Backbone of the Americas—Patagonia to Alaska, (3–7 April 2006)

Paper No. 15
Presentation Time: 4:55 PM

THRUSTING, MAGMATISM, AND COLLAPSE OF THE SEVIER OROGENIC WEDGE, WESTERN MONTANA, USA


LAGESON, David R., Dept. of Earth Sciences, Montana State University, Bozeman, MT 59717, lageson@montana.edu

The Sevier orogenic belt in the Northern Rocky Mountains (Montana and Idaho) formed in response to complex, overlapping tectono-magmatic processes during Late Cretaceous-Paleogene time.

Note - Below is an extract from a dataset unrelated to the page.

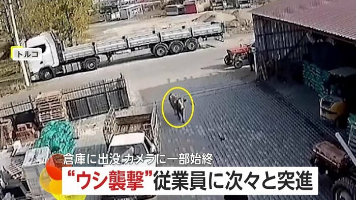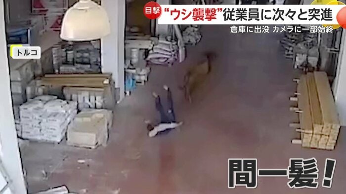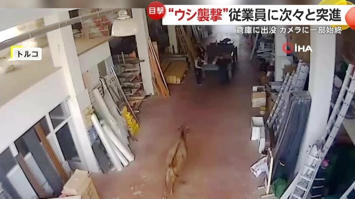 トルコで、突然倉庫に現れた牛が従業員に突進する様子がカメラに捉えられた。従業員たちは逃げまどいながらも牛を外へ追い出したという。

The Cordilleran magmatic arc migrated more than 400 km inboard (eastward), between ca. 90 Ma in the west (Idaho-Bitterroot batholith) and ca. 60 Ma in the east (eastern Helena salient) with large-volume felsic plutons intruding and their associated volcanic fields erupting within the thrust belt. As evidenced by a spectrum of pre-, syn-, and post-kinematic relations among plutons and fold-thrust structures in country rocks, the in-board sweep of magmatism significantly altered the geometry and kinematic development of the evolving orogenic wedge. Most notably, epizonal intrusion of the late Campanian-Maastrichtian Boulder batholith and coeval eruption of the Elkhorn Mountains volcanic field occurred along the advancing thrust-front, creating a thick (15-20 km) igneous and structural culmination. The locus of magmatism and spatial geometry of the evolving thrust wedge appear to have been strongly influenced by reactivated Mesoproterozoic faults. Extreme magmatic inflation of the orogenic wedge, over a relatively short time interval (76-70 Ma) facilitated supercritical taper resulting in: 1) out-of-sequence thrusting of the inner foreland thrust system (Eldorado-Lombard thrust); 2) rapid eastward propagation of the toe of the thrust wedge to form the Helena salient; 3) erosion of the volcanic wedge-top and deposition of one of the thickest (>3 km) Campanian-Maastrichtian foreland basin sequences in the western United States (Livingston Group and Fort Union Formation); and 4) Paleogene collapse of the thickened structural-magmatic wedge and development of “stacked” metamorphic core complexes in western Montana and Idaho. Other consequences of supercritical taper include the widespread development of pressure-solution cleavage and large duplex systems in frontal thrust sheets, features not seen in frontal thrusts of the Wyoming-Idaho salient to the south. It has been suggested that similar tectono-magmatic conditions existed in the central Andes of Bolivia south of 17.5o S.